The deficit is 9.1 per cent of GDP with bank bailout costs.
“This is against the Fiscal Management Responsibility A “which states we have to maintain the budget deficit at 5 per cent,” de Silva told parliament Monday.
The law had previously been changed to increase state enterprise raise the ceiling on guaranteed debt including to the Road Development Authority, which had no revenue to speak of and understated the debt.
Transport Minister Bandula Gunawardana who was Deputy Finance Minister when the law was brought in 2003 by an administration run by current President Ranil Wickremesinghe as Prime Minister has said Treasury officials had misled legislators into raising the ceiling.
De Silva said the law had been breached several times, with various amendments brought in 2013, 2016 and 2021.
“We have to bring an amendment stating that ‘yes, the law says 5 per cent, but we expect a 6.5 or 7 per cent budget deficit’; we can’t openly violate the law.”
The limit was only met by late Finance Minister Mangala Samaraweera, he said.
Samaraweera, however, could not give the benefit of a lower deficit to the public or the then administration, due to the policy rate enforced by inflationary open market operations.
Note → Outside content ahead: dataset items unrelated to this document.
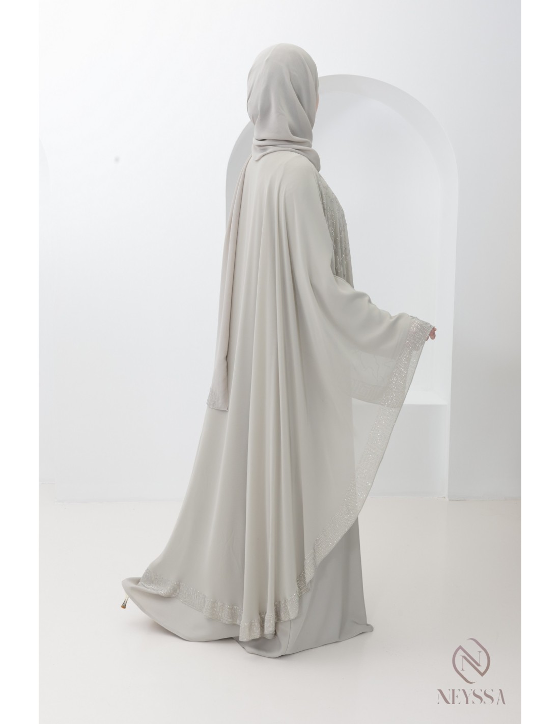 Abaya Dubai in Greige mit Strass-Umhang
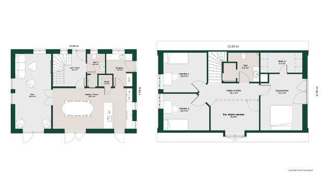 I stueetagen er der stort køkken/alrum og stor stue en suite. Begge er indrettet med store vinduespartier og døre mod haven. På førstesalen er også prioriteret en stor repos mellem soveværelse og to børneværelser - den er der rig mulighed for at udnytte til multirum, kontor eller blot en ekstra lille stue.
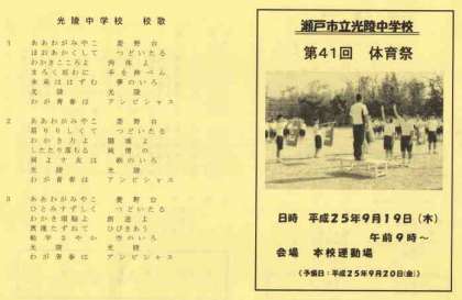 明日は、第41回体育祭 公開日 2013/09/18 更新日 2013/09/18 学校の様子 生徒会を中心に進める本校の体育祭。生徒たちの「熱い」姿を、ぜひご参観ください。 体育祭プログラム いいね(0)
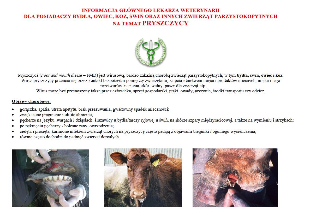 Celem jest poinformowanie Państwa o potencjalnych źródłach zakażenia wirusem z rodzaju Apthovirus, a także występujących objawach chorobowych u zwierząt.
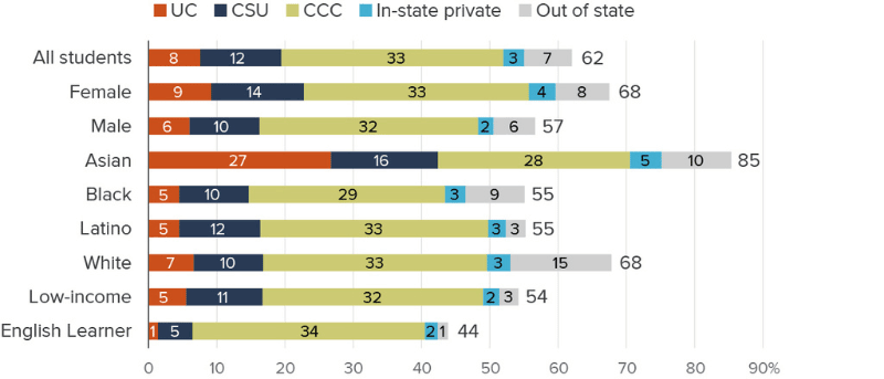 Meanwhile, while some kids are motivated by grades, others just aren’t. As we explore in Ed100 Lesson 9.8, most high school students don't aspire to attend a selective college. It's the exception, not the norm. In 2025, the Public Policy Institute of California released a superb fact sheet about it, including this chart of the estimated share of high school graduates enrolled:
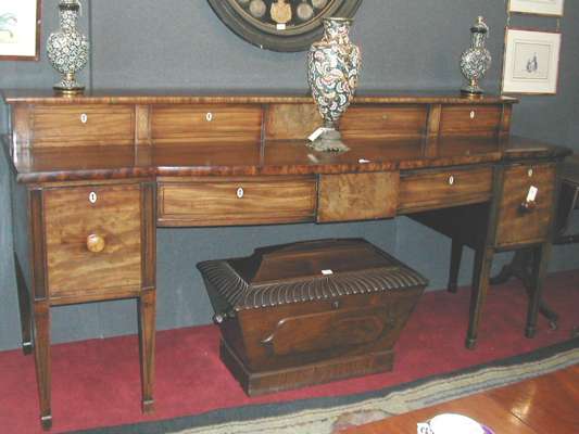with ebony stringing, the stage with two sliding doors above a semi bowed top and single entablature drawer, flanked by two further drawers and to the ends with deep fitted cellar drawers, the whole raised on square tapering legs, terminating in spade feet
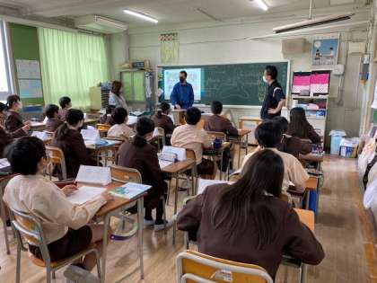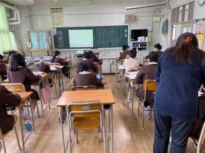 本日2時間目、6年生1・2組の授業のようすです。1組は英語で、C-NETのマーク先生が、自分の出身の英国のことを紹介しています。2組は道徳で、「スポーツの力」について考えて作文をしています。
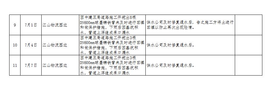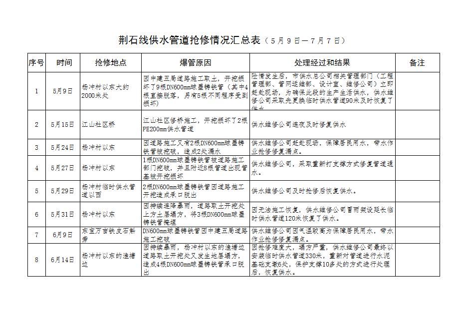 附:1、《荊石線(xiàn)供水管道搶修情況匯總表(5月9日-7月7日)》
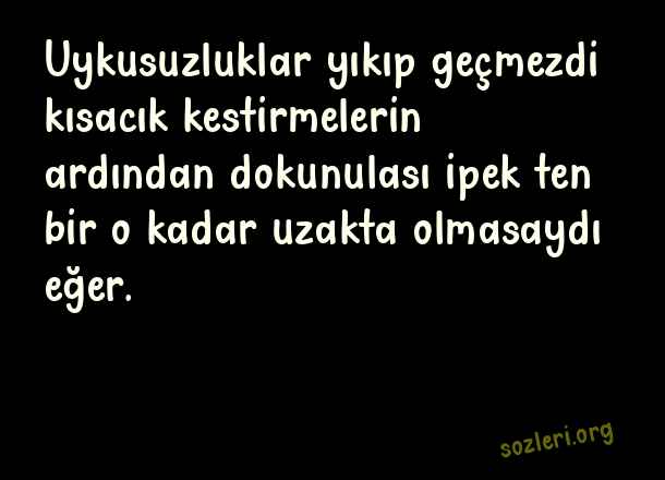 Uykusuzluklar yıkıp geçmezdi kısacık kestirmelerin ardından dokunulası ipek ten bir o kadar uzakta olmasaydı eğer. ( Can Yücel )
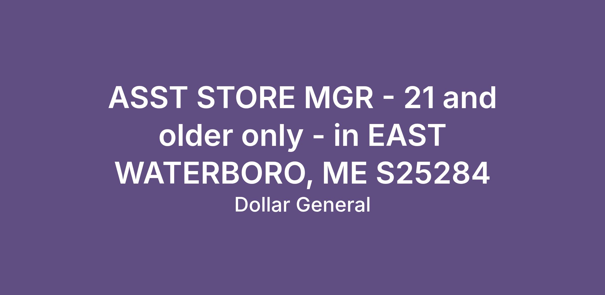 ASST STORE MGR - 21 and older only - in EAST WATERBORO, ME S25284
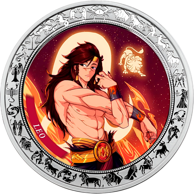 Эта красивая серебряная монета из серии “Аниме Зодиак“ посвящена пятому астрологическому знаку зодиака - “Лев” (Leo). Считается, что к нему принадлежат рождённые с 23 июля по 22 августа. Львы обладают даром созидания и настойчивостью в достижении своих целей. Это деятельные натуры, стремящиеся к успеху и популярности. Львы великодушны, решительны и храбры. Ярко выраженный талант организатора помогает им добиваться высоких целей.

In 2018, when the budget deficit was brought down from 5.0 to 5.1 per cent of GDP according to revised numbers, (5.5 to 5.3 before fresh econometrics) the central bank printed 247 billion rupees to mis-target interest rates, triggering a 1.1 billion US dollar BOP deficit, busting the rupee from 151 to 184 to the US dollar in the process.
Under IMF program rates can be or are encouraged to be cut by printing money when inflation falls due to a so-called monetary policy consultation clause, which is at direct conflict with a reserve target, leading to missed targets, collapsing currencies and the ouster of reformist finance ministers.